Spray coating methods of applying fluorine containing dispersions onto substrates such as EPDM and Nitrile rubber already exist. They are typically combined with primers such as but not limited to polyamide-imide, polyether sulfones and sprayed onto a substrate that may have been pretreated with. Methyl-ethyl Ketone, N-Methyl Pyrrolidone, plasma or corona treatment to improve adhesion of the primer to the substrate. Following surface preparation and priming, they are coated with a fluorine containing dispersion coating, and are then cured on-line or off-line in an oven. However such methods have not previously been applied to a diffuser membrane for use in water treatment plants, which is a difficult application.
This improvement is of particular importance in application of such a coating to a diffuser membrane used in the sewage and industrial wastewater treatment industries. Diffuser membranes are typically made from perforated non-fluorinated elastomers or polymers, which are perforated with small slits and, when inflated, produce a plume of bubbles which are released into waste water. The efficacy of such diffusers is measured primarily in their ability to produce small bubbles in great quantity, such that the combined surface area of the bubbles is large. A large quantity of small bubbles transfers much more oxygen to the process than do a smaller quantity of large bubbles and oxygen mass transfer is desirable. Manufacturers of diffusers typically spend a great deal of time and energy formulating elastomeric compounds that produce small bubbles, The slightest compound formulation change may result in a vastly different bubble size. Furthermore, where diffuser membranes are submerged in dirty water, surface contamination from foulants such as biofilm, calcium and gypsum can cause an increase in bubble size over time, just as fats, oils, greases and solvents can penetrate traditional membranes causing chemical oxidation of the rubber. This can result in either a failed part or increased bubble size. The coating of a non fluorine containing membrane with a smooth fluorinated layer that is specifically designed to produce small bubbles, and to withstand thousands of perforations and a constant state of flux while submerged in waste water, is a novel invention and provides a universal solution to both fouling and efficiency issues.
Aspects of the present invention apply to flexible diffuser membranes which are used in the aeration of waste water and which is spray coated with a fluorine containing surface layer.
A diffuser membrane is produced from blended EPDM rubber, Nitrite rubber, or Neoprene rubber, the surface is roughened either through corona, plasma, or Methyl-ethyl Ketone, and a primer and fluorine containing surface layer are applied through spray coating. Alternately a blended primer and fluorine containing surface layer are applied through spray coating.
When treated in this way, the membrane becomes significantly more resistant to surface fouling, chemical oxidation, and its oxygen transfer efficiency is acceptably high by industry standards.
Embodiments of the present invention are described by way of example and with reference to the attached drawings wherein:

Fig. 1 is a cross-sectional view of a multi layered disc membrane;
Fig. 2 is a cross-sectional view of a membrane onto which layers have been applied;
Fig. 3 is a cutaway view of a multi layered tube membrane;
Fig. 4 is a cross-section of an air diffuser assembly;
Fig. 5 is a cross-section of a membrane; and,
Fig. 6 is a schematic illustration of a manufacturing process.

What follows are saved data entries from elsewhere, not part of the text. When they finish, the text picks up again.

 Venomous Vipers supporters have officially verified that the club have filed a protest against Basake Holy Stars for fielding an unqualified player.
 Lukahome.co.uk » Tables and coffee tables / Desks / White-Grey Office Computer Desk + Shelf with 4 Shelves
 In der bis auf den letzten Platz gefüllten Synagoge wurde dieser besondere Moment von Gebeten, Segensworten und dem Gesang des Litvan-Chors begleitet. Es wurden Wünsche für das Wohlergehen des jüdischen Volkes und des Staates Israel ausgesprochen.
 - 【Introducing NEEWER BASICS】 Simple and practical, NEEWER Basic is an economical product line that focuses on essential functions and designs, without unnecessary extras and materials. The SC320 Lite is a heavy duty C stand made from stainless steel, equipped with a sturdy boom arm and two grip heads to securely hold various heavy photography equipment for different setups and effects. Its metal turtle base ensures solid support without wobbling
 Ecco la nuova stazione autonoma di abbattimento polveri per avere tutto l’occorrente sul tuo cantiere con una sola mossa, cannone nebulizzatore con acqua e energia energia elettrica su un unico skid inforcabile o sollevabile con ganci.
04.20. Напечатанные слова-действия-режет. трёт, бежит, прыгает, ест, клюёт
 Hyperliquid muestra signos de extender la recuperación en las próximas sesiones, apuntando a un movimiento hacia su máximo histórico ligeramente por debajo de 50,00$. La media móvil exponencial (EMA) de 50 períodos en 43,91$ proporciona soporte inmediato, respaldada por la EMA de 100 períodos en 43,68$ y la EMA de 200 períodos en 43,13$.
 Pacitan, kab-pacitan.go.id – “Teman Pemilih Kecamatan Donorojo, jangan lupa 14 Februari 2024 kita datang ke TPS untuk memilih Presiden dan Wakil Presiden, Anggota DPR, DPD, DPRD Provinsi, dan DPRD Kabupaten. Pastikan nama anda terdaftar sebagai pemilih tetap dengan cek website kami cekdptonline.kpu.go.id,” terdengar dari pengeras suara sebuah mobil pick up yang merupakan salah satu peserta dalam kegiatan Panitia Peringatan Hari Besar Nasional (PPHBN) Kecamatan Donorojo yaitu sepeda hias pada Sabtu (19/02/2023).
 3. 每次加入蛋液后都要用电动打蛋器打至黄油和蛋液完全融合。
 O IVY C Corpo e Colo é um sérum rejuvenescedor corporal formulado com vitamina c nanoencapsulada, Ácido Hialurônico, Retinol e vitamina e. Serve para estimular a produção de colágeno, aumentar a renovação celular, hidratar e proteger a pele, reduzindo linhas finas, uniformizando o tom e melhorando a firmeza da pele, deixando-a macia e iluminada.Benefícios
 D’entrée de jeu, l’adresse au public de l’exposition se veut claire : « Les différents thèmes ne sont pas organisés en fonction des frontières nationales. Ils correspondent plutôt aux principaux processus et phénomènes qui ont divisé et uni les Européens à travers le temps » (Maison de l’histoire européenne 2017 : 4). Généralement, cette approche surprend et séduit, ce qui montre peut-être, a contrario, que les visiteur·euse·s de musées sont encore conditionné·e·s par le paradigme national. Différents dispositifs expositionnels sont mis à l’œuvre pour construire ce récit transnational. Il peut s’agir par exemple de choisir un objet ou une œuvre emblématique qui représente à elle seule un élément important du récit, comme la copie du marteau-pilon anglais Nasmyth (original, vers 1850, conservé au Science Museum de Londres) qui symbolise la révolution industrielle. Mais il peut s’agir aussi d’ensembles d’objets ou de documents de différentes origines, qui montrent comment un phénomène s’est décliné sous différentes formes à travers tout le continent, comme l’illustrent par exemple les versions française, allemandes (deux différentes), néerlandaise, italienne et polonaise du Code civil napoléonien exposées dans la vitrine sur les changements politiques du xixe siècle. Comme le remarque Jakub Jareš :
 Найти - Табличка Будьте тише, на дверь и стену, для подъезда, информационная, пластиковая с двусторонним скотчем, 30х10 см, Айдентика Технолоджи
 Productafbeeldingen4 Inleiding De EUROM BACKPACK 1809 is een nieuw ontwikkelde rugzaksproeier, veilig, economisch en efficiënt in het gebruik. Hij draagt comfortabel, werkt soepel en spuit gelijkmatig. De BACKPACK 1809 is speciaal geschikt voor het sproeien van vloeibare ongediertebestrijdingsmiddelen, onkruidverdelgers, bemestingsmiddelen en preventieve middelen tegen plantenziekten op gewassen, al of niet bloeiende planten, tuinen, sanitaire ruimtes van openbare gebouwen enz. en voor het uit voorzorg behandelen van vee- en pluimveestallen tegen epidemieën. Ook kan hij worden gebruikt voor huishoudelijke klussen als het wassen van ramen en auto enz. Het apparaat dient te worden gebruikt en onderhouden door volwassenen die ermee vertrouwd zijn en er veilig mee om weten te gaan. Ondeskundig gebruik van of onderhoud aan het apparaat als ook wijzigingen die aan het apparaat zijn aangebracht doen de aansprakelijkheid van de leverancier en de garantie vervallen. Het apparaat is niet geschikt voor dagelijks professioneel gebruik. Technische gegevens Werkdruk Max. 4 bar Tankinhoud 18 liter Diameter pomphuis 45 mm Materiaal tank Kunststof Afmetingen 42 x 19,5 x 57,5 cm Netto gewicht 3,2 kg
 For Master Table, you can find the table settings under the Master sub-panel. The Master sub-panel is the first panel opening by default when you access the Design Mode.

Adhesion between a spray coated fluorine containing layer and a substrate is accomplished through substrate surface treatment, priming, coating and curing.
Firstly, a substrate layer such as membrane 3 is moulded.
Secondly, a roughing agent such as corona, plasma, methyl-ethyl ketone or N-Methyl Pyrrolidone is applied to the surface to be coated as needed depending on the quality of the substrate.
Thirdly, a primer layer 2 of less than 10 microns is sprayed onto the substrate surface. This primer is then heat treated at 100 degrees C for 15 minutes. The primer layer may contain Polyamide-Imide or Polyether Sulfone. Alternately, the primer is blended with a fluorine containing dispersion layer and this layer is sprayed onto the substrate surface, then heat treated.
Fourthly, if using separate primer and fluorine containing dispersion layers, the fluorine containing dispersion layer 1 of less than 20 microns is sprayed over the cured primer, and is heat treated at 120 degrees C for 20 minutes. The fluorine containing dispersion layer may contain fluoride acryl resin, xylene, toluene, bentonite, titanium dioxide, carbon black, 2-lsocyanatoethyl 2, 6-diisocyanatohexanoate, 2, 6-Diisocyanatohexanoic acid 2-isocyanatoethyl ester and/or ethyl acetate.
From the foregoing it will be seen that this invention is one well adapted to attain all ends and objectives hereinabove set forth together with the other advantages which are obvious and which are inherent to the structure.
It will be understood that certain features and subcombinations are of utility and may be employed without reference to other features and subcombinations. This is contemplated by and is within the scope of the claims.
Since many possible embodiments may be made of the invention without departing from the scope thereof, it is to be understood that all matter herein set forth or shown in the accompanying drawings is to be interpreted as illustrative, and not in a limiting sense.
This invention is about the multi-layered membrane of disk typed and tube typed membrane air diffuser. This system can be installed in the aeration tanks of the sewage and waste water treatment system that is used to make the air, which was supplied from the blower, fine bubbles to spray them so that the oxygen in the air can be efficiently dissolved into the sewage and waste water. By doing it, this system analyses and removes the biochemical oxygen demand and suspended solids biologically, and enables to be appropriately mixed so that the sedimentation within the aeration tank can be prevented.
Referring to Figs. 4 to 6 of the drawings in which:-

Fig. 4 represents the cross section of an assembled air diffuser according to this invention.
Fig. 5 is a cross section illustrating a membrane with the PTFE, which was prepared for both surfaces of membrane for air diffuser according to this invention.
Fig. 6 represents a process where the PTFE is coated on the membrane for air diffusers according to this invention.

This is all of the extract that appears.